17. Which of the following types of white blood cells is responsible for phagocytosis?
a. Basophil
b. Monocyte
c. Neutrophil
d. Lymphocyte
ANS: B
The monocyte has the ability to engulf bacteria and foreign dust particles and eliminate
them from the lung.
18. Which of the following terms describes an abnormal increase in the proportion of
circulating immature neutrophils?
a. Neutrophilia
b. Left shift
c. Leukopenia
d. Leukocytosis
ANS: B
When the number of bands circulating in the blood is higher than normal, this is referred to
as a left shift.
19. Which of the following terms describes the change in white blood cell count that often
occurs in patients with tuberculosis?
a. Lymphocytosis
b. Monocytosis
c. Eosinophilia
d. Basophilia
ANS: B
Patients with tuberculosis usually develop monocytosis.
20. Which of the following terms describes an overall abnormal decrease in white blood cell
count?
a. Anemia
b. Leukopenia
c. Leukocytosis
d. Polycythemia
ANS: B
An abnormal drop in the number of circulating white blood cells is known as leukopenia.
21. Which of the following types of leukocytosis is typically seen in patients with viral
infection?
a. Basophilia
b. Neutrophilia
c. Monocytosis
d. Lymphocytosis
ANS: D
Viral infections often cause lymphocytosis.
25. What can be said about the nucleus of the mature circulating red blood cell?
a. It is round.
b. It is absent.
c. It is large and red.
d. It is very small.
ANS: B
The mature red blood cell has no nucleus.
26. What substance is responsible for carrying red blood cell oxygen on to the tissues?
a. Thrombin
b. Cytokines
c. Hemoglobin
d. Prothrombin
ANS: C
Hemoglobin is the major substance found in red blood cells. Its main function is to carry
oxygen.
28. Which of the following terms describes an abnormal decrease in red blood cell count?
a. Anemia
b. Cytothemia
c. Leukopenia
d. Polycythemia
ANS: A
A low red blood cell count is known as anemia.

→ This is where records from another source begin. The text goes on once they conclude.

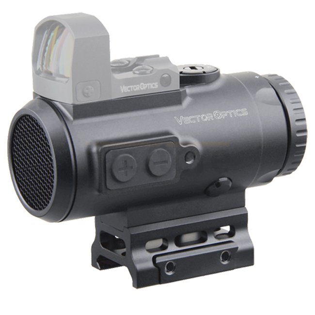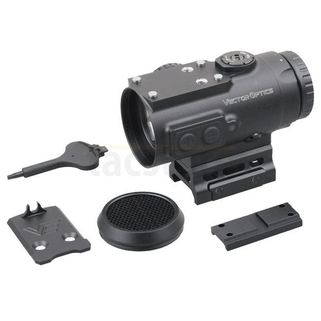 Kompakt und präzise, das Vector Optics Paragon 4x24 Micro Prism Zielfernrohr bietet eine 4-fache Vergrößerung und ein 24mm Objektiv. Es verfügt über ein VEPS-MBR geätztes Glasabsehen, 1 MOA Verstellgenauigkeit, 10 Helligkeitsstufen und ein rot beleuchtete
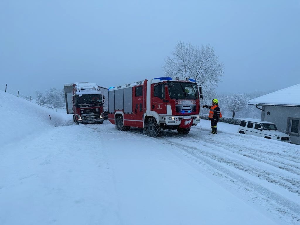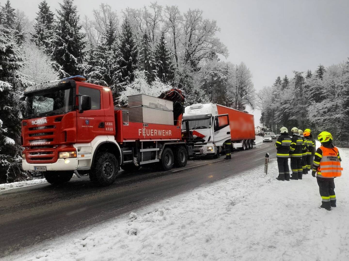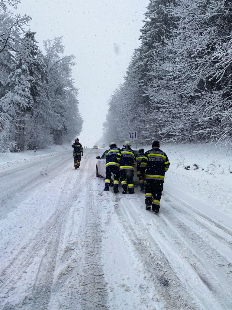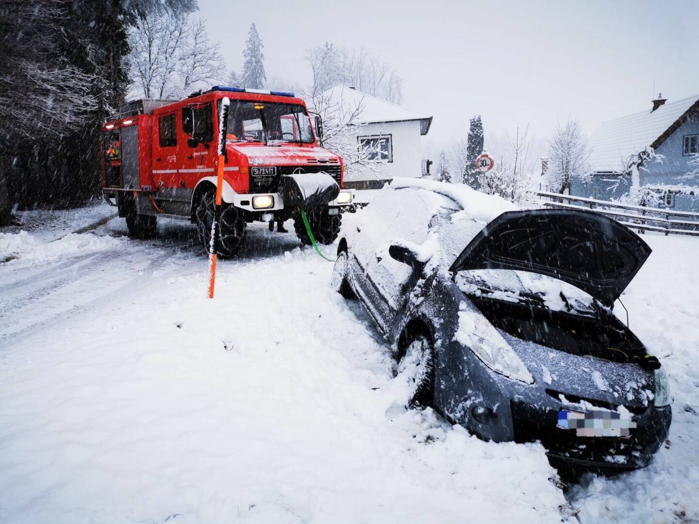 Durch den heftigen Schneefall heute Früh kam es auch im Bezirk Deutschlandsberg zu zahlreichen Feuerwehreinsätzen, wo Fahrzeuge von den Straßen abkamen oder hängen blieben bis hin zu Baumbergungen.
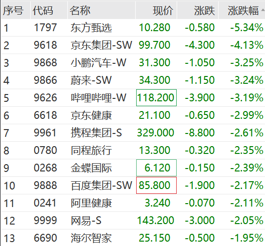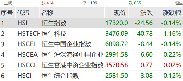 港股三大指数早间小幅低开:恒生指数跌0.1%,恒生国企指数跌0.09%。恒生科技指数跌0.38%。上午恒生科技跌幅扩大,盘中跌超1%;东方甄选跌超5%,领跌恒生科技。
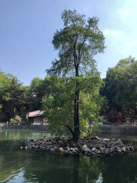 Ahí vamos a encontrar un refugio del ruido de la ciudad donde podemos darnos un respiro entre patos, tortugas y grandes ejemplares de árboles de eucalipto y algunos cedros que alcanzan gran altura.
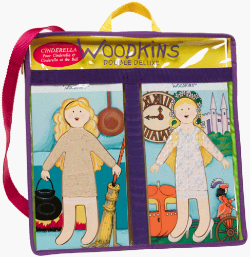 Junior fashion designers will enjoy the unique concept of Woodkins sets--part paper doll and part dress-design kit The Cinderella set includes two dolls poor Cinderella and Cinderella at the ball The dolls are flat 8-inch-tall wooden shapes attached to a wooden frame with a painted background Read More..
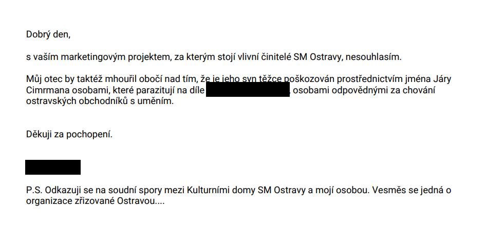 „Mám problém s tím, že město Ostrava, které má účast v několika kulturních příspěvkových organizacích, porušuje moje práva. Pořádá divadelní představení bez licenčního souhlasu autorů a zatajuje, kdo je skutečným provozovatelem,“ uvedl Filip Smoljak pro Okraj.
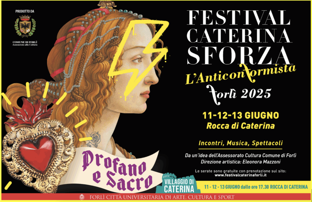 Torna il Festival Caterina Sforza di Forlì. L’anticonformista 2025, la rassegna di spettacolo, cultura e intrattenimento dedicata al “femminile” in tutte le sue sfaccettature partendo da una delle figure più emblematiche del Rinascimento italiano, promossa dall’Assessorato alla Cultura del Comune di Forlì, con concept e direzione artistica di Eleonora Mazzoni, scrittrice e saggista. Il Festival in programma da mercoledì 11 a venerdì 13 giugno con eventi presso la Rocca di Ravaldino, dalle ore 17:30 alle ore 23:30.
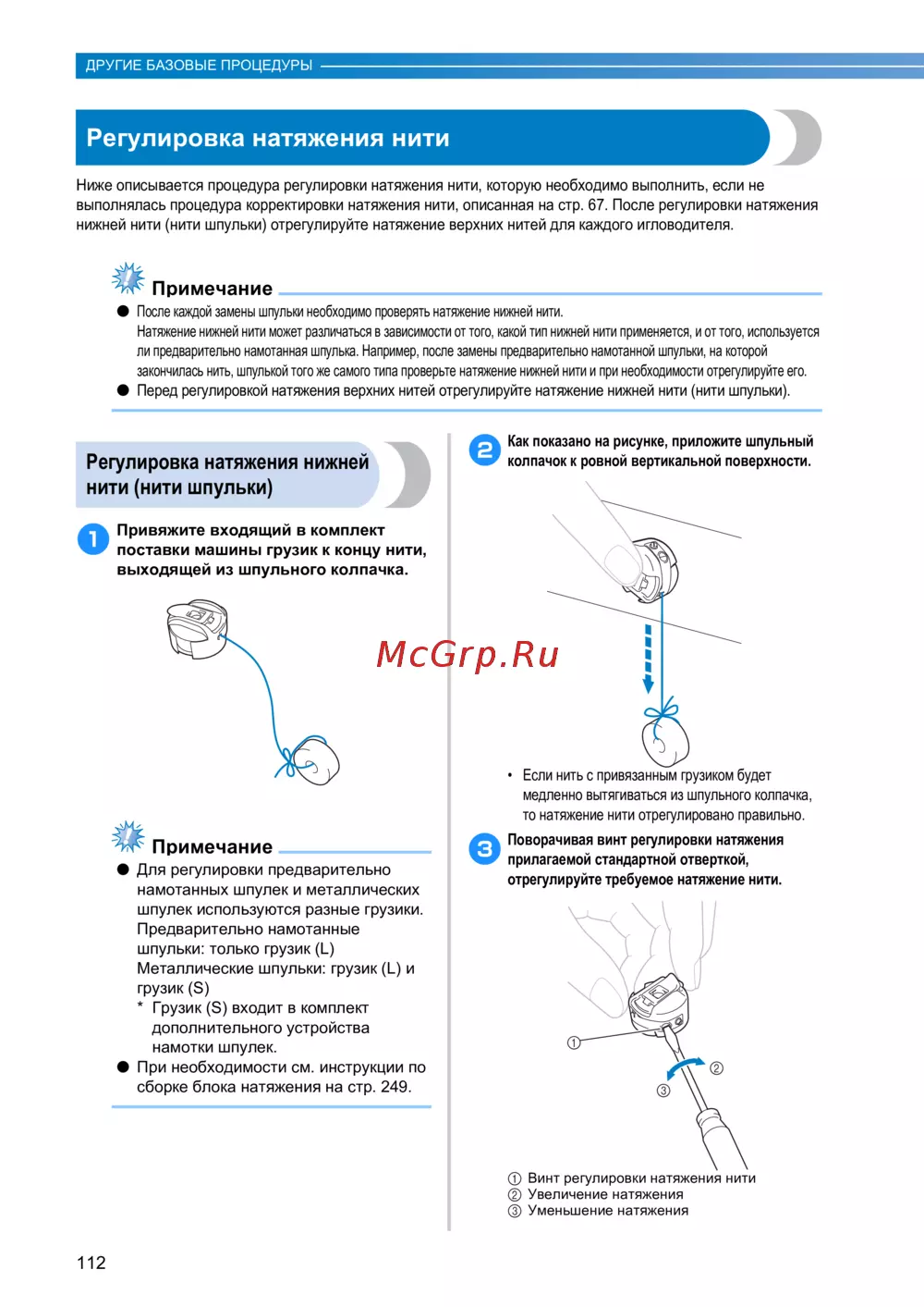 Ниже описывается процедура регулировки натяжения нити, которую необходимо выполнить, если не

29. Which of the following terms describes red blood cells that are larger than normal?
a. Macrocytic
b. Hypercytotic
c. Hyperchromic
d. Polycythemic
ANS: A
Red blood cells that are larger than normal are termed macrocytic.
30. The most common type of anemia worldwide is the result of:
a. hemorrhage.
b. gastrointestinal bleeding.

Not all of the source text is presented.